Он был жрецом Аполлона-Целителя и, наверно, видел грядущее. Ведь старая религия дорога Дочерям Ночи, им не нравятся перемены, как бы ни нравились они всем остальным. Так что их рука поразила его, как и меня потом.

Его убили во Фракии. Там, несмотря на все его старания, старая вера сохранилась… Даже в Элевсине она умирает очень медленно, и пережитки ее живучи. Каждый год, в конце лета, вы можете на склонах гор увидеть толпы горожан и крестьян: народ собирается посмотреть представление, а мальчишки-козопасы разыгрывают их старые предания про смерть царей.

Но это все пришло потом. А в тот раз воины стали швырять в воздух шлемы, размахивали копьями, просили меня вести их в город… И вот я снова был в седле, вокруг меня — Товарищи; а следом — всё элевсинское войско. С песнями, с криками: «Тезей наш царь!»

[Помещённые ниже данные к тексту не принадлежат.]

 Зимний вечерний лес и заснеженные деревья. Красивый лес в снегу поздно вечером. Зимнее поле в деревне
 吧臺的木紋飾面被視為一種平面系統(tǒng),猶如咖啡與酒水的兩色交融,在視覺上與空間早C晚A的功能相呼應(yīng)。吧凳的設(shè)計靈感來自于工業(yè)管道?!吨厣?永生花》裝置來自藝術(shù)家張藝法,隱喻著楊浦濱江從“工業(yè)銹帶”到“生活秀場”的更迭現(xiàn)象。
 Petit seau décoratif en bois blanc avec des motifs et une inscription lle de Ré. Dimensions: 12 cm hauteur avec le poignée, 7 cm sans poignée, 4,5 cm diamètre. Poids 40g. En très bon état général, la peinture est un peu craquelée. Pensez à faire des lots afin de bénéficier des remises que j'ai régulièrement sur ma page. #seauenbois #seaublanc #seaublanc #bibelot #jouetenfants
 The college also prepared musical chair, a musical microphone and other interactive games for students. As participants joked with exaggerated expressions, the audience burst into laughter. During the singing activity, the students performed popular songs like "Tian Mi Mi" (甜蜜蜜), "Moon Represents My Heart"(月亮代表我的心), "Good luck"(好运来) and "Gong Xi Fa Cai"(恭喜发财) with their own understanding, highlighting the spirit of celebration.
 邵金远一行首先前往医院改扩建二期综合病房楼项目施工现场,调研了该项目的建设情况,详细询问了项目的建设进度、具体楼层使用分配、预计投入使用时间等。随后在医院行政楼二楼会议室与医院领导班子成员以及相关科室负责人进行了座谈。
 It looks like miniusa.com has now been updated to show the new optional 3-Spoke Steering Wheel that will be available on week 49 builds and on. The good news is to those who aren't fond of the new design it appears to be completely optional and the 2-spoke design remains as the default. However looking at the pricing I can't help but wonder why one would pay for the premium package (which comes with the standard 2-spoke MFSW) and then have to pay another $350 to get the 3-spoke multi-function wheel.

Я мог бы поехать прямо ко Дворцу, но выбрал нижнюю дорогу: к священной пещере и к площадке для борьбы.

Все женщины высыпали нам навстречу, трещали, спрашивали у мужчин, что случилось… Склоны вмиг заполнились народом, как в тот день что я пришел сюда впервые… Я подозвал двоих из самых влиятельных мужчин и сказал им:

— Прикажите царице спуститься ко мне. Если захочет, пусть придет сама; не захочет — приведите силой.

Они ушли наверх, но на вершине лестницы их остановили жрицы. Будь я постарше — я бы знал, что двоих будет мало. Послал к ним еще четверых, для поддержки духа… Они растолкали жриц и вошли внутрь. Я ждал. Я недаром выбрал для встречи именно это место: она должна была спуститься по этим ступеням, как спускался ко мне Керкион; как спускался к нему предыдущий царь; как год за годом — и несть им числа — шли по этой лестнице мужчины во цвете юности, завороженные, как птицы змеиной пляской, лишенные сил, чтоб обреченно бороться здесь и умереть.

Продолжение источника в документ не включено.